START EXTRACTED ENTRIES
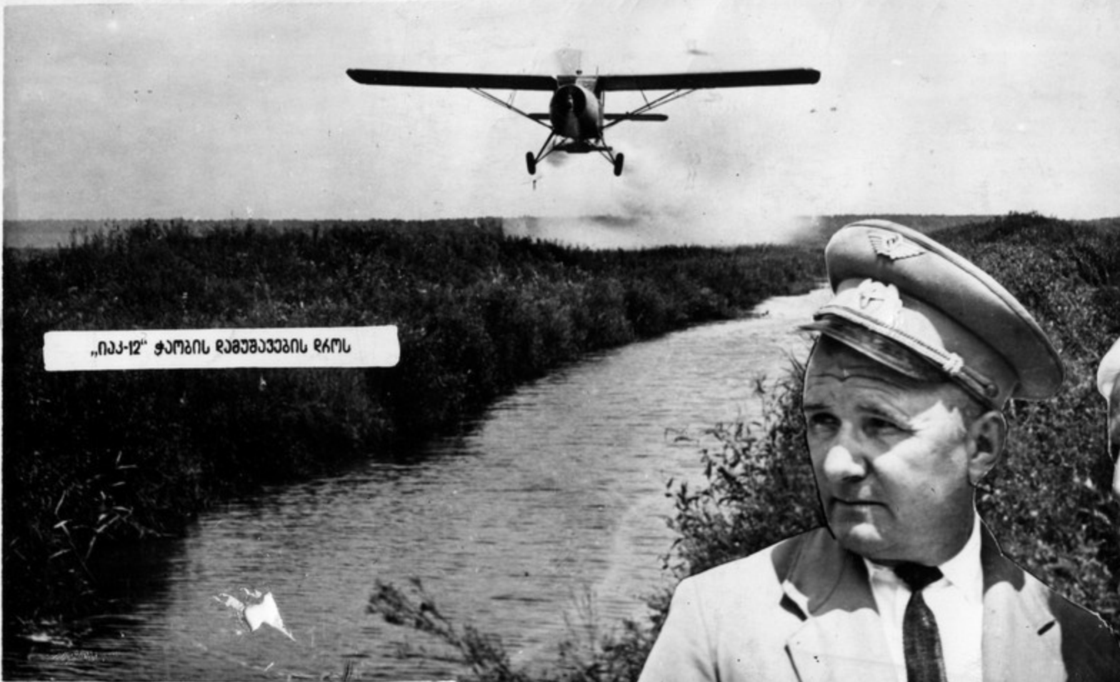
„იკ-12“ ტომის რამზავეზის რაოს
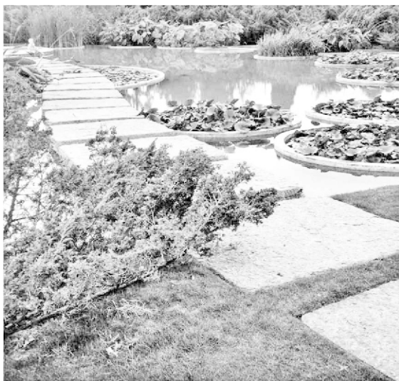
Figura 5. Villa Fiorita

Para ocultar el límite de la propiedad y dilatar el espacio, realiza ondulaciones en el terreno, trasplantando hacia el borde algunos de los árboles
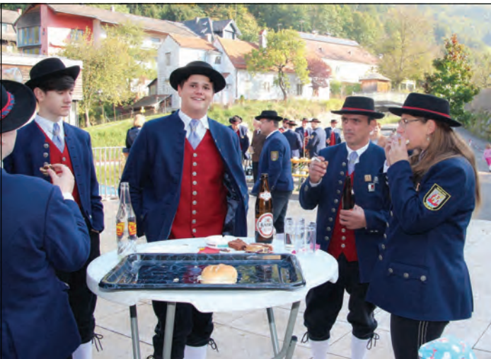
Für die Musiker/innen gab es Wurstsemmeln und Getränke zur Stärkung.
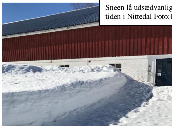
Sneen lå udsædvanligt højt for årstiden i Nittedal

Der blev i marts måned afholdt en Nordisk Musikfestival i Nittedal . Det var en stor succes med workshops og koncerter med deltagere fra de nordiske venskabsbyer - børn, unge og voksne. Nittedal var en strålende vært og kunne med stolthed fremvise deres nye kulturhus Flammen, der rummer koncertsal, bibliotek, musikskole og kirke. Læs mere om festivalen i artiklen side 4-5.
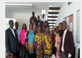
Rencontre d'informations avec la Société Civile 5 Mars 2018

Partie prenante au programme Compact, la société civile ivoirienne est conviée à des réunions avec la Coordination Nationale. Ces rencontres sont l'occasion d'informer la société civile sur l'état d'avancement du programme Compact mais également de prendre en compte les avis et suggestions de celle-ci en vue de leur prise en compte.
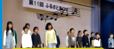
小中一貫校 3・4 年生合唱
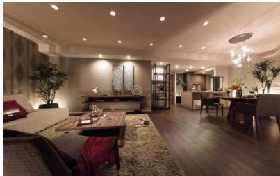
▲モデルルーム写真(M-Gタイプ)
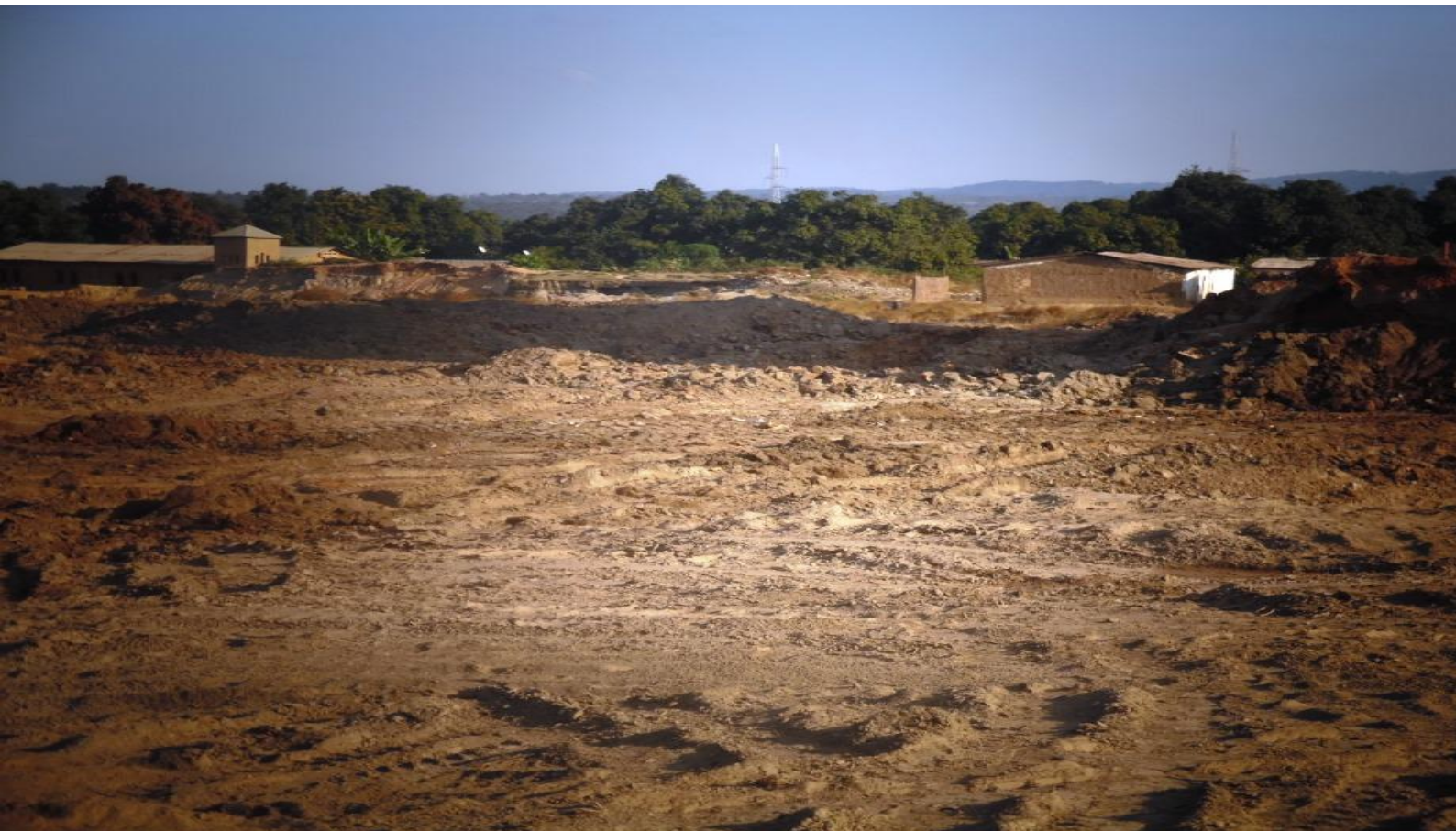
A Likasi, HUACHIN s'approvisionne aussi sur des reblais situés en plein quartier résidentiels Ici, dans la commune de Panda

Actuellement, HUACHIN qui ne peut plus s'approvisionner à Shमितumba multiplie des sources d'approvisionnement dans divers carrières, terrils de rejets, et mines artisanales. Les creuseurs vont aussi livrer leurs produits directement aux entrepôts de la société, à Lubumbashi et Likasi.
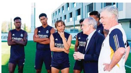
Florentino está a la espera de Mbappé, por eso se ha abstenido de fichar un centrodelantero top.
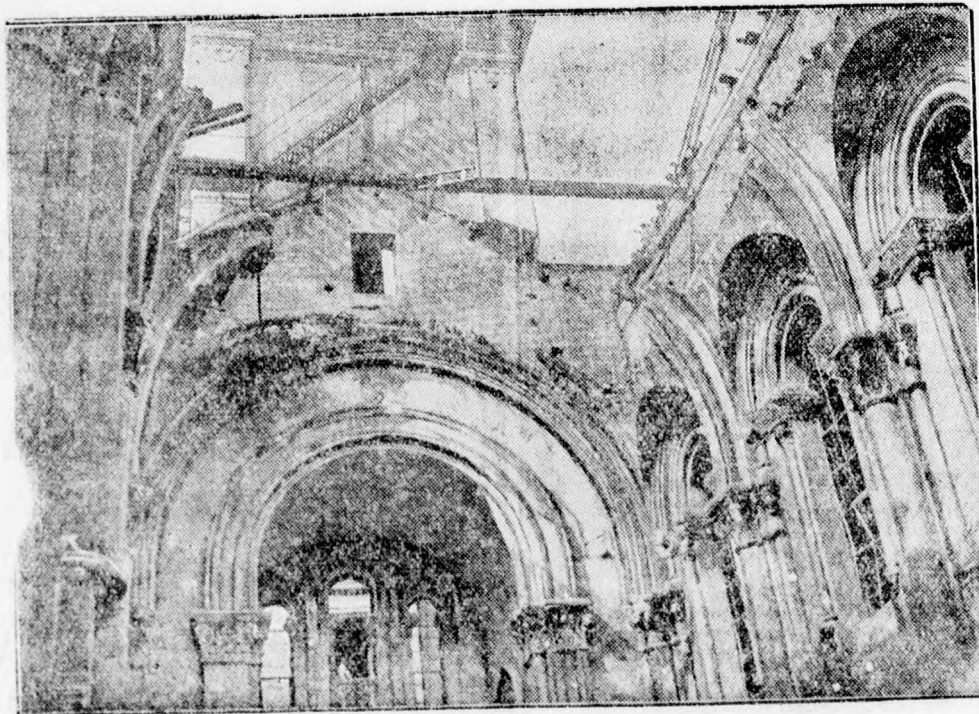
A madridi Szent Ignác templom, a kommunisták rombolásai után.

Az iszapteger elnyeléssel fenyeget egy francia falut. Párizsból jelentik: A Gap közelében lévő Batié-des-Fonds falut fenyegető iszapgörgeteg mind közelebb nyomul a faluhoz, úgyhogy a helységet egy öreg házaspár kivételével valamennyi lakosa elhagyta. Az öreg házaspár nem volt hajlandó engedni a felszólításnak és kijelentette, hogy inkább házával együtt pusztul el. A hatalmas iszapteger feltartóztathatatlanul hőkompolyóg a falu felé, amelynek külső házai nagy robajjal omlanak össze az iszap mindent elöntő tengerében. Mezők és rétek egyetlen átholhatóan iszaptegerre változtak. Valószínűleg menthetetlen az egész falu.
END EXTRACTED ENTRIES
INSTRUCTIONS TO FOLLOW: Using the listing, filter for "aussi" and return the matching lines.

OUTPUT OF THE EXERCISE:
A Likasi, HUACHIN s'approvisionne aussi sur des reblais situés en plein quartier résidentiels Ici, dans la commune de Panda
Actuellement, HUACHIN qui ne peut plus s'approvisionner à Shमितumba multiplie des sources d'approvisionnement dans divers carrières, terrils de rejets, et mines artisanales. Les creuseurs vont aussi livrer leurs produits directement aux entrepôts de la société, à Lubumbashi et Likasi.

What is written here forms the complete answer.